Bölüm 16
"Naber?"
Telefonumdan başımı kaldırdığımda Emily'nin güzel gülüşünü gördüm. Gözleri, esmer kız kardeşimle özdeşleştirdiğim sonsuz, bitmeyen bir heyecanla parıldıyordu. Etrafında kim olursa olsun ya da neler oluyor olursa olsun, Emily odayı gülümsetebilirdi.
"Sadece Craig, grup provasına geldiğimden emin olmak için kontrol ediyor," dedim, yalan söylediğim için huzursuz hissederek.
"Keşke ben de gelip izleyebilsem," dedi Emily gülümseyerek, başını omzuma yasladı. "Ama beklemeye değecek."
Craig'in mesajını Emily'ye söylememek için ani bir karar almıştım, panik yaratmamak ya da onu üzmemek için.
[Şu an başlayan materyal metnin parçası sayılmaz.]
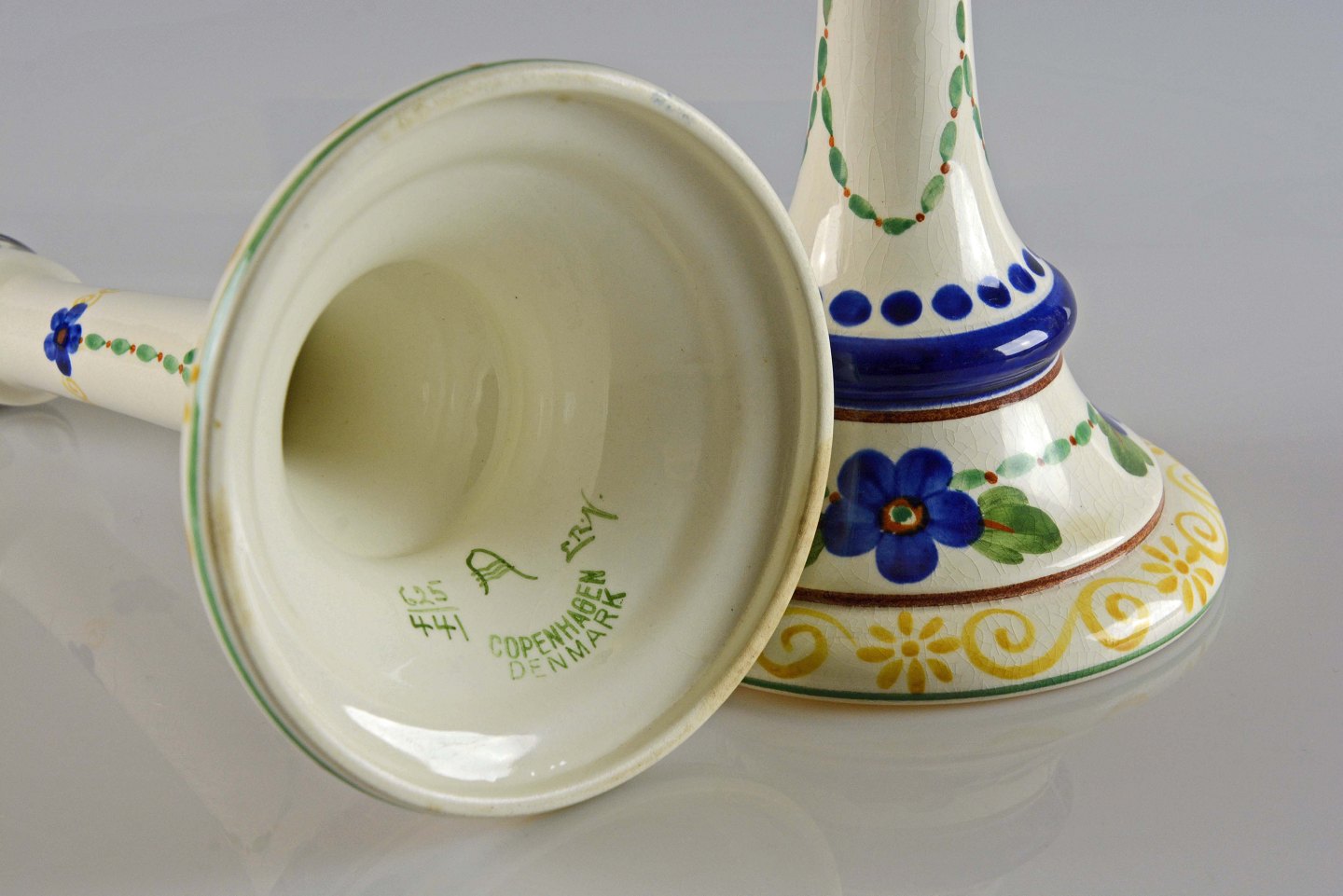 Et sæt fajance lysestager fra Aluminia nr. 625/441

Bu konuda hiç iyi hissetmiyordum.
Tam o sırada ön kapı açıldı ve Amanda içeri girdi. Beyaz, düğmeli bir bluz giyiyordu, göğüs dekoltesini hafifçe gösteren birkaç düğmesi açık bırakılmıştı ve kusursuz kalçalarını mükemmel şekilde saran siyah, yüksek belli bir pantolon vardı üzerinde. Mütevazı siyah topuklu ayakkabılar, çıplak ayaklarına geçirilmişti ve zaten muhteşem olan kalçalarına inanılmaz bir kaldırma etkisi veriyordu. Uzun, gür saçları düzgün bir at kuyruğu şeklinde toplanmıştı, profesyonel görünümünü tamamlıyordu.
"Hey, Manda," dedi Emily sırıtarak. "Harika görünüyorsun. Bugün nasıldı?"
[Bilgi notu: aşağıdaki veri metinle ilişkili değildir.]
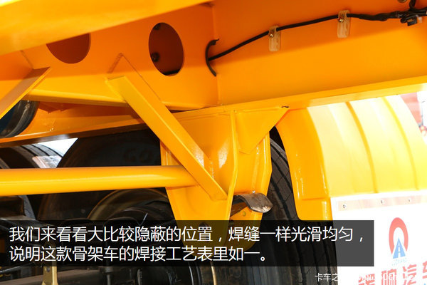 我们来看看大梁内部比较隐蔽的位置,焊缝一样光滑均匀,说明这款骨架车的焊接工艺表里如一,整个挂车的焊接还是非常不错的。

"Hey, Em. Teşekkürler," dedi Amanda, Emily'ye gülümseyerek, sonra mavi gözleri gömleksiz göğsüme takıldığında beni adeta gözleriyle süzdü. "Bugün oldukça iyi geçti."
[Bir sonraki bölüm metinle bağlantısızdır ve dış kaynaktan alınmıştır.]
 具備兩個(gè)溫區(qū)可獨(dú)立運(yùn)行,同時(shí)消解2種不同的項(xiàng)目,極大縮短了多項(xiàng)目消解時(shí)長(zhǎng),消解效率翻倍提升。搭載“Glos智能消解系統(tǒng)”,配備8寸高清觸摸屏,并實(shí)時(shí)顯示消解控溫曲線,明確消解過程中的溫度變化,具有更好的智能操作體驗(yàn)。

Emily yanağıma hızlı bir öpücük kondurdu, sonra ayağa fırladı ve Amanda'ya sarıldı. "Seni Nick'i grup provasına götürmen için serbest bırakayım. Gününün nasıl geçtiğini sonra anlatır mısın?"
"Elbette," dedi Amanda, küçük kız kardeşini kucaklayarak.
"Hey, Manda?" diye sordu Emily, ayrıldıklarında.
"Evet?" diye cevapladı Amanda.
"Bir ara takılabilir miyiz?" diye sordu Emily. "Uzun zaman oldu."
"Tabii ki takılabiliriz," dedi Amanda gülümseyerek. "Eve döndüğümde bir şeyler ayarlayalım."
"Harika," dedi Emily sırıtarak ve benim de, Amanda'nın da şaşkınlığına, en büyük ablasının yanağına bir öpücük kondurdu. "İkinizi de seviyorum."
"Şirin olmaktan asla vazgeçmiyor," dedim gülerek, ayağa kalkıp odayı geçtim.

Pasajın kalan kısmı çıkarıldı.